就连之前被轰天雷炸的差点背过气的王文,这会儿也不敢再拉着脸,只能跟着干巴巴的附和。
只是那声音,听着跟牙疼似的。
朱见济却没接这茬。
他站的笔直。
等阁里的彩虹屁吹的差不多了,才清了清嗓子。
“父皇,于少保,各位大人。”
他一开口,所有人都安静了。
“轰天雷是好东西,但说到底,也只是个铁疙瘩。”
朱见济的声音清朗,却透着一股不属于这个年纪的镇定。
“儿臣看,再锋利的刀,也得看握在谁手里。”
“咱们有了新兵器,可若是用兵的人还是老一套,那这刀,跟烧火棍也没什么区别。”
这话一出,于谦的眼皮猛的一跳。
他听进去了。
太子这是要搞大事。
“济儿的意思是?”
朱祁钰来了兴致。
“儿臣以为,我大明的军制,也该变一变了。”
朱见济的话,字字砸在地上。
“如今我大明的将领,大多是将门世袭,父传子子传孙。能打仗的,没文化;有文化的,看不起行伍之人。”

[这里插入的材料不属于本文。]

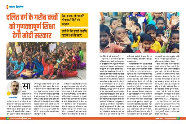 रही मकोदी सरकार ने दलित वर्ग के बच्ों कको अशिक्ा के जाल से मुकत करने के लिए एक बड़ा निर्णय लिया है । मकोदी सरकार के निर्णय का लाभ आर्थिक तंगी की वजह से शिक्ा से ददूर हको जाने वाले दलित वर्ग के बच्ों कको मिलेगा । दलित वर्ग यानी अनुसदूवचत जाति के गरीब बच्ों कको अब

“这就导致将不知兵,兵不识将,上下隔阂,号令不通。”
“打起仗来,各凭一股子血勇,章法何在?”
他顿了顿,视线扫过在场的每一个人。
“更何况,这轰天雷威力巨大,用法也和寻常火器完全不同。”
“什么时候扔,往哪扔,怎么和步骑配合,这里头全是学问。”
“把这么金贵的玩意儿,交给一个连字都认不全,数都算不清的丘八手里,那不是强军,那是糟蹋宝贝。”
朱祁钰的眉头拧成了疙瘩。
朱见济的话,每一个字都说到了点子上。
于谦更是心有戚戚,他掌管兵部多年,对军中积弊门儿清。
他往前一步,躬身道:
“陛下,太子殿下所言,皆是肺腑之言。”
“军中武夫,多不通文墨,更罔论算学兵法,实乃我大明心腹之患。”
朱见济看着于谦。
这位大佬,已经成了他最强的助攻。
“所以,儿臣想请父皇下一道旨意。”
朱见济的声音陡然拔高。
“儿臣要效仿太祖高皇帝旧制,于京师重开‘武学’!”
“孤要办一个专门培养将军的地方!”
武学?
朱祁d钰愣住了。
这词不新鲜。
宋朝有过,太祖皇帝也动过这念头,只是后来不了了之。
“这武学,要教什么?”
“如何教?”
朱祁钰追问。
这才是关键。
朱见济早有准备,娓娓道来。
“武学的学生,进学第一年,不学兵法,不学骑射。”
“只学两样东西。”
“识字,算术。”
“蛤?”
不光朱祁钰,连于谦都懵了。
“这。。。这是为何?”
“兵者,国之大事,死生之地,存亡之道,不可不察也。”
朱见济背了句孙子兵法的开头。
“连兵书都看不懂,如何察之?”
“连基本的加减乘除都不会,怎么算粮草消耗,怎么算行军里程,怎么算弓弩抛射的角度和轰天雷的落点?”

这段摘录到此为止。